_Source data_:
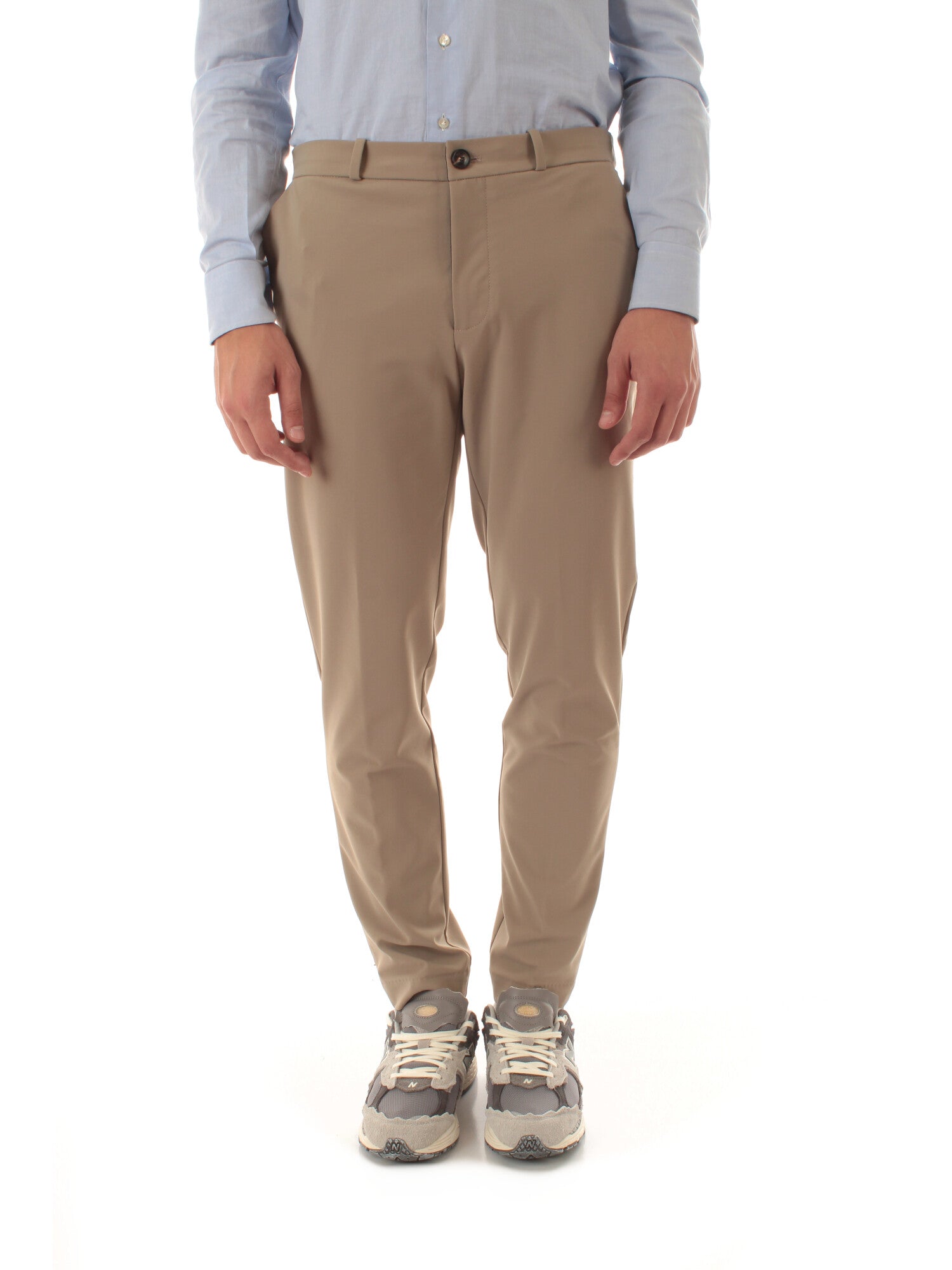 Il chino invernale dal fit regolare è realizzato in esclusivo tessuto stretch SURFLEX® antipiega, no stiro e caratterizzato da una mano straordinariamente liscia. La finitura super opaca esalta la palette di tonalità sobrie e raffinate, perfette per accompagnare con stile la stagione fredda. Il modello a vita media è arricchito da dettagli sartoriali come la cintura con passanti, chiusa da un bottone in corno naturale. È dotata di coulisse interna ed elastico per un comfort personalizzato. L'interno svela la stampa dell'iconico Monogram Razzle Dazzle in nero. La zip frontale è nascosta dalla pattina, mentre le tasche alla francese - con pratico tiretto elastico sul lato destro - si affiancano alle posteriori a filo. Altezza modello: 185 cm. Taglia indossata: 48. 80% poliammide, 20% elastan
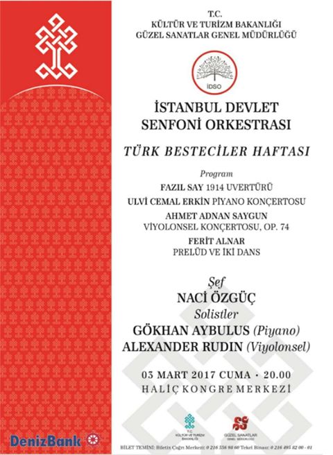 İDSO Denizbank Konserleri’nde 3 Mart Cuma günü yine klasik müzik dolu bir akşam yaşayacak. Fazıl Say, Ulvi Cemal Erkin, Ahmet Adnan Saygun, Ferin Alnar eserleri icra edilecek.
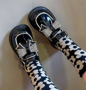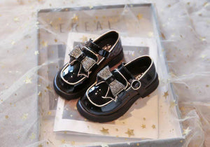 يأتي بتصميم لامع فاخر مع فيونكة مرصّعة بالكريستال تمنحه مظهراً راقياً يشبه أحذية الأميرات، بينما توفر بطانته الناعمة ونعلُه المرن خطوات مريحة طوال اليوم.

_What is expected_: Leaving the pictures out, print every line of the listing exactly.

_Answer area_:
 Il chino invernale dal fit regolare è realizzato in esclusivo tessuto stretch SURFLEX® antipiega, no stiro e caratterizzato da una mano straordinariamente liscia. La finitura super opaca esalta la palette di tonalità sobrie e raffinate, perfette per accompagnare con stile la stagione fredda. Il modello a vita media è arricchito da dettagli sartoriali come la cintura con passanti, chiusa da un bottone in corno naturale. È dotata di coulisse interna ed elastico per un comfort personalizzato. L'interno svela la stampa dell'iconico Monogram Razzle Dazzle in nero. La zip frontale è nascosta dalla pattina, mentre le tasche alla francese - con pratico tiretto elastico sul lato destro - si affiancano alle posteriori a filo. Altezza modello: 185 cm. Taglia indossata: 48. 80% poliammide, 20% elastan
 İDSO Denizbank Konserleri’nde 3 Mart Cuma günü yine klasik müzik dolu bir akşam yaşayacak. Fazıl Say, Ulvi Cemal Erkin, Ahmet Adnan Saygun, Ferin Alnar eserleri icra edilecek.
 يأتي بتصميم لامع فاخر مع فيونكة مرصّعة بالكريستال تمنحه مظهراً راقياً يشبه أحذية الأميرات، بينما توفر بطانته الناعمة ونعلُه المرن خطوات مريحة طوال اليوم.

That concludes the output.